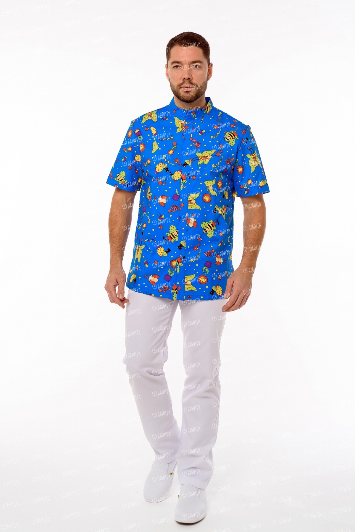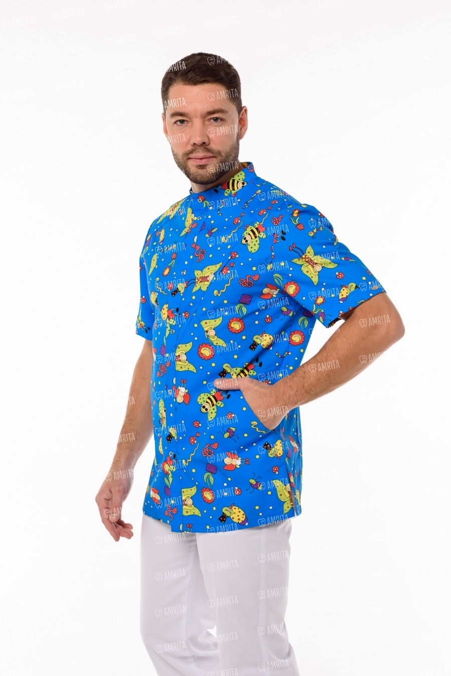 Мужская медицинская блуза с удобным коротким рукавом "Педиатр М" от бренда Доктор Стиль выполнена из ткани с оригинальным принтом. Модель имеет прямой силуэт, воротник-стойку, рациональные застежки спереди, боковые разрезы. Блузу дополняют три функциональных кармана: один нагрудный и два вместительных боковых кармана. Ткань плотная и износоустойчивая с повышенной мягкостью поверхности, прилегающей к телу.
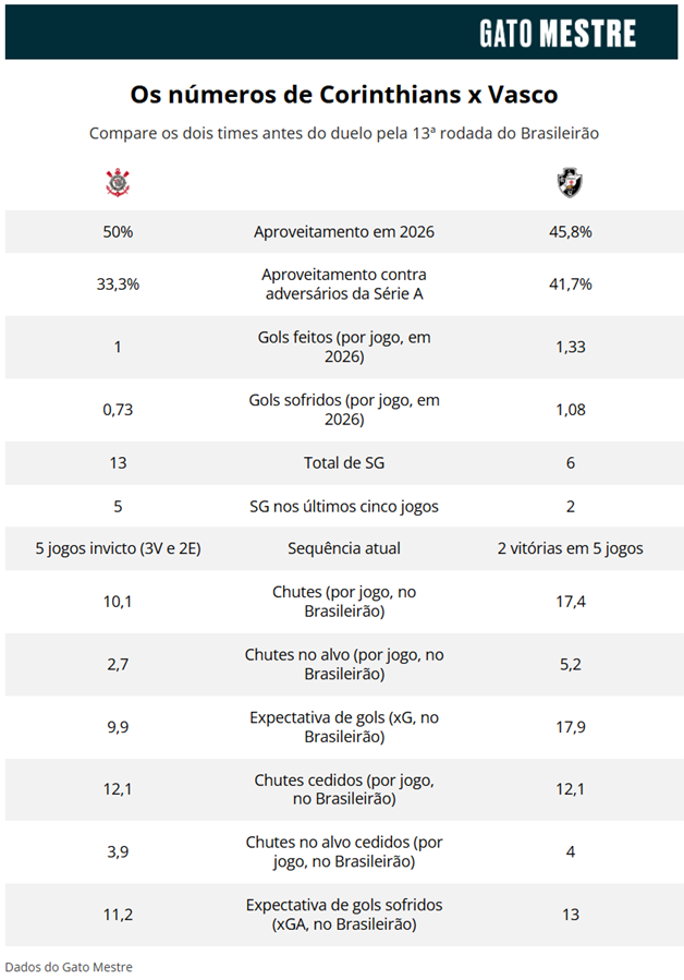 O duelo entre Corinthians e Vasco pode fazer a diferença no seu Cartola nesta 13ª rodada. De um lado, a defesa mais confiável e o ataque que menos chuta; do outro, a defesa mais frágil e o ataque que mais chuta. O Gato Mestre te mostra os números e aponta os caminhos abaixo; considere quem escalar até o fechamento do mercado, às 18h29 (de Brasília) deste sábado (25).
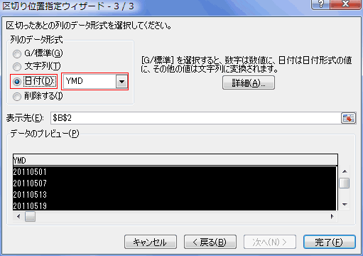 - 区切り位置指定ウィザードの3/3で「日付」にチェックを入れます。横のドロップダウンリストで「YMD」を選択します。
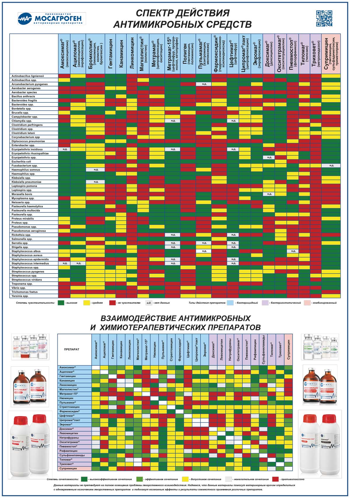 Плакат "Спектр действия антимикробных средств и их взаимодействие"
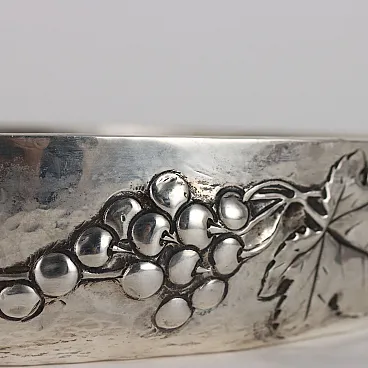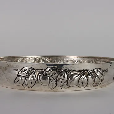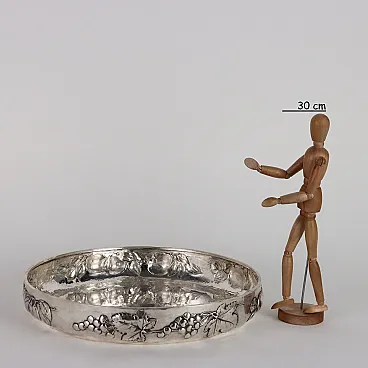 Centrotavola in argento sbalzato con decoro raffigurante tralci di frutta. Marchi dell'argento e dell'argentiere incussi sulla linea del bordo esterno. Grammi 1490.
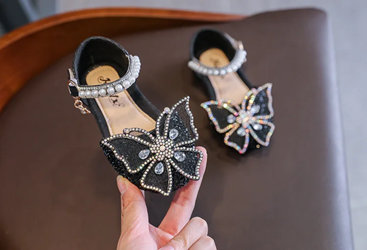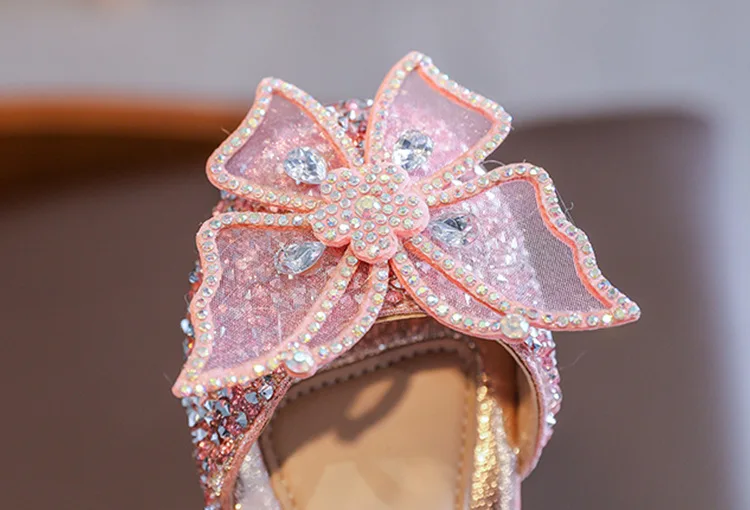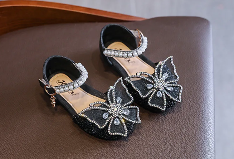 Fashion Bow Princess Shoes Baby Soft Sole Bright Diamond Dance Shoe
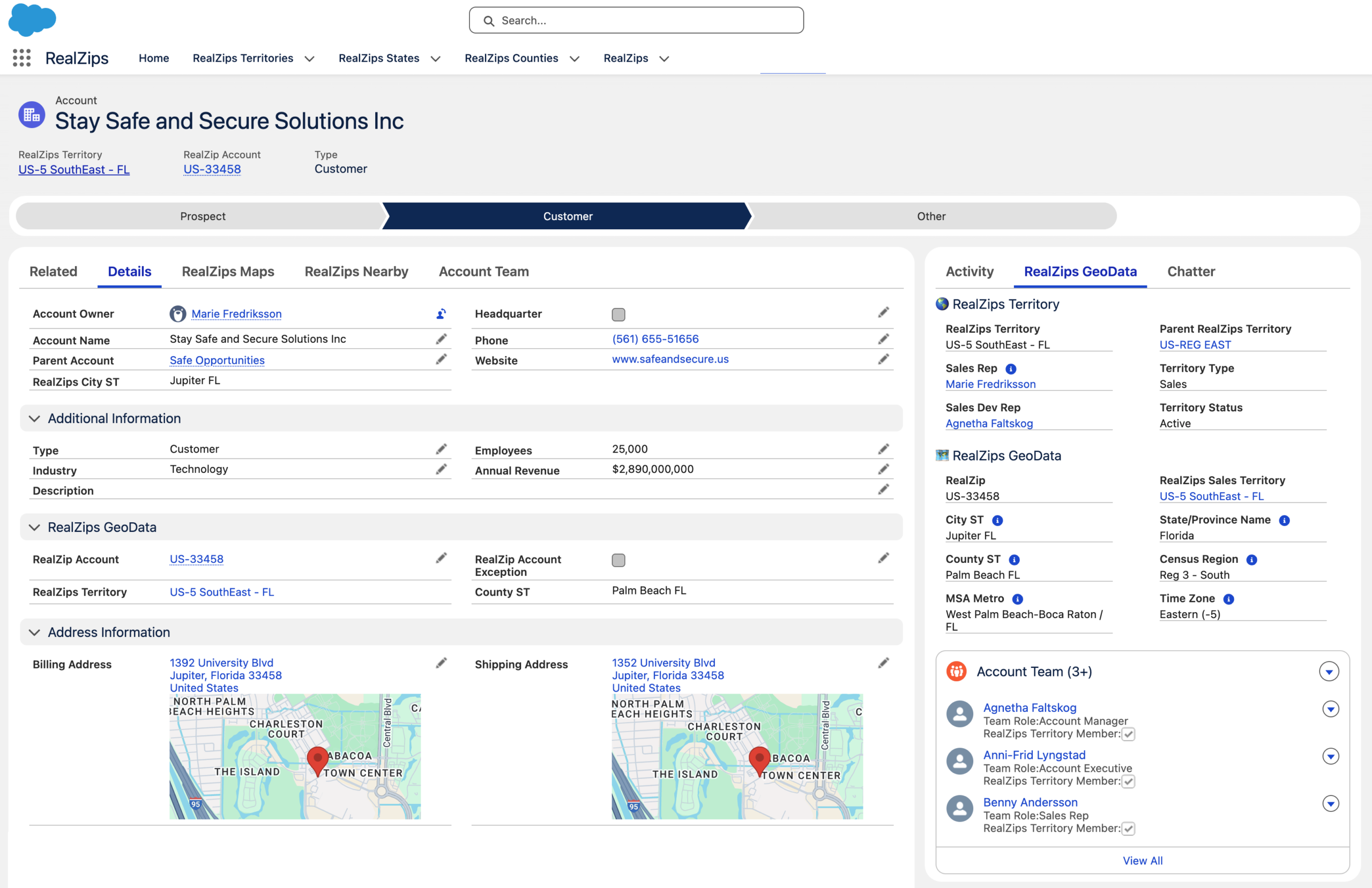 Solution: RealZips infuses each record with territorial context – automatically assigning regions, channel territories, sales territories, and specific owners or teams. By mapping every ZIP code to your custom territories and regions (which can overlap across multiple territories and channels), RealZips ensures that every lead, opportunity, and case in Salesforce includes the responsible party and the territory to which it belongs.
--*--
A verbatim copy of every record is required, with all pictures excluded.

 Мужская медицинская блуза с удобным коротким рукавом "Педиатр М" от бренда Доктор Стиль выполнена из ткани с оригинальным принтом. Модель имеет прямой силуэт, воротник-стойку, рациональные застежки спереди, боковые разрезы. Блузу дополняют три функциональных кармана: один нагрудный и два вместительных боковых кармана. Ткань плотная и износоустойчивая с повышенной мягкостью поверхности, прилегающей к телу.
 O duelo entre Corinthians e Vasco pode fazer a diferença no seu Cartola nesta 13ª rodada. De um lado, a defesa mais confiável e o ataque que menos chuta; do outro, a defesa mais frágil e o ataque que mais chuta. O Gato Mestre te mostra os números e aponta os caminhos abaixo; considere quem escalar até o fechamento do mercado, às 18h29 (de Brasília) deste sábado (25).
 - 区切り位置指定ウィザードの3/3で「日付」にチェックを入れます。横のドロップダウンリストで「YMD」を選択します。
 Плакат "Спектр действия антимикробных средств и их взаимодействие"
 Centrotavola in argento sbalzato con decoro raffigurante tralci di frutta. Marchi dell'argento e dell'argentiere incussi sulla linea del bordo esterno. Grammi 1490.
 Fashion Bow Princess Shoes Baby Soft Sole Bright Diamond Dance Shoe
 Solution: RealZips infuses each record with territorial context – automatically assigning regions, channel territories, sales territories, and specific owners or teams. By mapping every ZIP code to your custom territories and regions (which can overlap across multiple territories and channels), RealZips ensures that every lead, opportunity, and case in Salesforce includes the responsible party and the territory to which it belongs.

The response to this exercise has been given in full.